What the task requires => In the data below, set down exactly the lines from the one containing "전에 꼭 확인하세요!는" up to and including the one containing "Le plus souvent, ce". Leave the pictures out.

Data for analysis =>
*** Begin section ***

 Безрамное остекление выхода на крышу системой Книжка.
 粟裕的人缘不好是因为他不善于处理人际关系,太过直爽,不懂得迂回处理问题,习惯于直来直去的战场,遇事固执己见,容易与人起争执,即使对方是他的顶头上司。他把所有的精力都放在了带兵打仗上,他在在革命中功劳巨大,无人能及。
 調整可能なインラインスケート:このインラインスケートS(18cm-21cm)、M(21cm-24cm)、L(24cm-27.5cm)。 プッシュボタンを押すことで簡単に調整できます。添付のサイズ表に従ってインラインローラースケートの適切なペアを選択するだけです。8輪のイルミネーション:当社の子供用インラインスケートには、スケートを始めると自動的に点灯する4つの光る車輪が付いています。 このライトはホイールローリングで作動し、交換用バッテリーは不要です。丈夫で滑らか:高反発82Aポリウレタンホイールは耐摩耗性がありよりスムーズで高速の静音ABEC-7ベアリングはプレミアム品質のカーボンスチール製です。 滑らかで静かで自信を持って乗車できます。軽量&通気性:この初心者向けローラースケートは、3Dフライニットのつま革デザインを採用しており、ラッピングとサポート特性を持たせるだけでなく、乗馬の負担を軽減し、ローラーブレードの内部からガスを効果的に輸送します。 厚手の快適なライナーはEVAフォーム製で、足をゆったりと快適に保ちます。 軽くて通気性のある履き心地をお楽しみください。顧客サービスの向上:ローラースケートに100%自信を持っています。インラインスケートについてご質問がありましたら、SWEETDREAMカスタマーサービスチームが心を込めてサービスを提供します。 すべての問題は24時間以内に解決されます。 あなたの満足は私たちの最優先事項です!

*** End section ***
*** Begin section ***

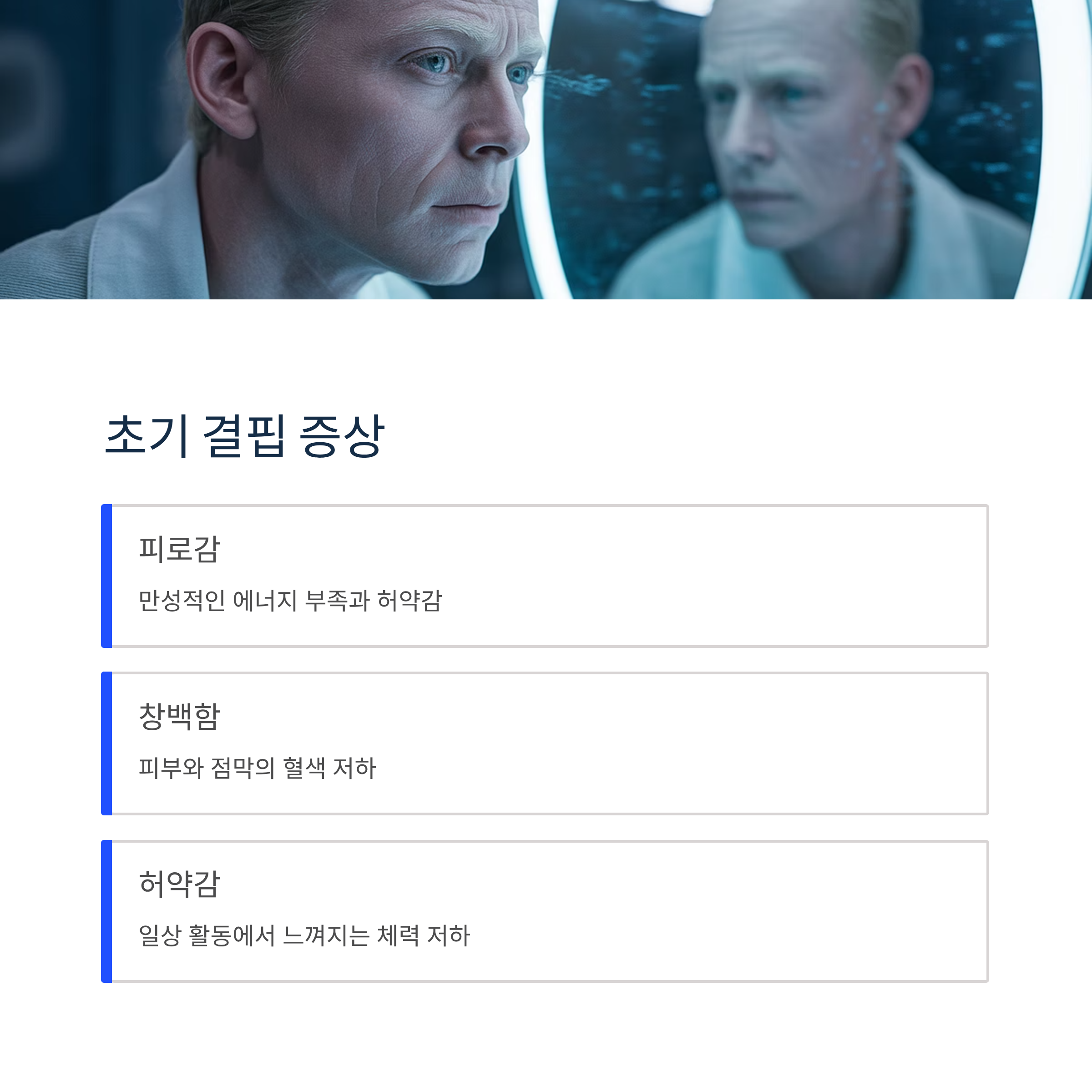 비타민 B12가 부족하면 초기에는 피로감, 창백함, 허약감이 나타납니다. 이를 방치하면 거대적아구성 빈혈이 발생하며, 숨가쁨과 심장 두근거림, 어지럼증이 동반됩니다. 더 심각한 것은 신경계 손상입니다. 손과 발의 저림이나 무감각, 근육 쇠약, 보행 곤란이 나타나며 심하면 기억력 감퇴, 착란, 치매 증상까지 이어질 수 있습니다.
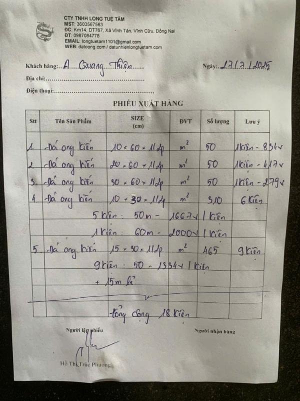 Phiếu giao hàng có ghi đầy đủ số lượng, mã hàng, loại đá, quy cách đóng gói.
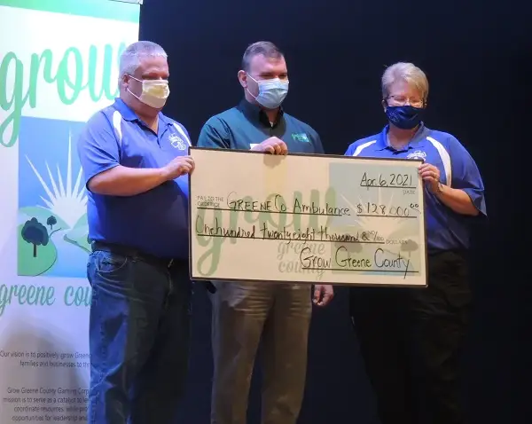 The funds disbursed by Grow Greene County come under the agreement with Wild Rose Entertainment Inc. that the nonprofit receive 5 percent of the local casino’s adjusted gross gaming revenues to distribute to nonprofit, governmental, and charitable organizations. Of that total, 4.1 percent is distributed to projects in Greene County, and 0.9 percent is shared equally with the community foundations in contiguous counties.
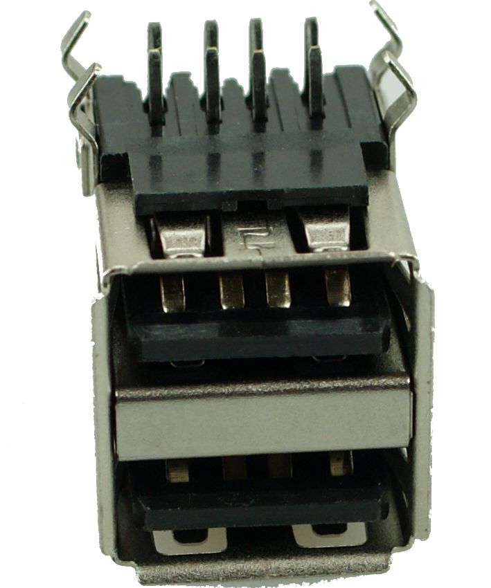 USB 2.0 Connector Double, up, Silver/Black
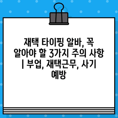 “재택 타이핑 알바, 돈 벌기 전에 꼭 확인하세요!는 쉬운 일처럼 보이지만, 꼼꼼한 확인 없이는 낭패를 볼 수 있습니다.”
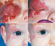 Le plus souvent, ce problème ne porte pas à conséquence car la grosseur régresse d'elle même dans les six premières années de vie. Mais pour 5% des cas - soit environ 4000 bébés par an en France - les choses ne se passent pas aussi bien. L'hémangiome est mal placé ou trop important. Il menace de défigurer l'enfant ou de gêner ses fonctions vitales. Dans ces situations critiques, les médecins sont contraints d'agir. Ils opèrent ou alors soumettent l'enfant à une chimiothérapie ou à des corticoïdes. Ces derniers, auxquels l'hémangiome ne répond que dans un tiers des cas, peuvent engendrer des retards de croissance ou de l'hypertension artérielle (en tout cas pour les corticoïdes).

*** End section ***

Solved exercise =>
 “재택 타이핑 알바, 돈 벌기 전에 꼭 확인하세요!는 쉬운 일처럼 보이지만, 꼼꼼한 확인 없이는 낭패를 볼 수 있습니다.”
 Le plus souvent, ce problème ne porte pas à conséquence car la grosseur régresse d'elle même dans les six premières années de vie. Mais pour 5% des cas - soit environ 4000 bébés par an en France - les choses ne se passent pas aussi bien. L'hémangiome est mal placé ou trop important. Il menace de défigurer l'enfant ou de gêner ses fonctions vitales. Dans ces situations critiques, les médecins sont contraints d'agir. Ils opèrent ou alors soumettent l'enfant à une chimiothérapie ou à des corticoïdes. Ces derniers, auxquels l'hémangiome ne répond que dans un tiers des cas, peuvent engendrer des retards de croissance ou de l'hypertension artérielle (en tout cas pour les corticoïdes).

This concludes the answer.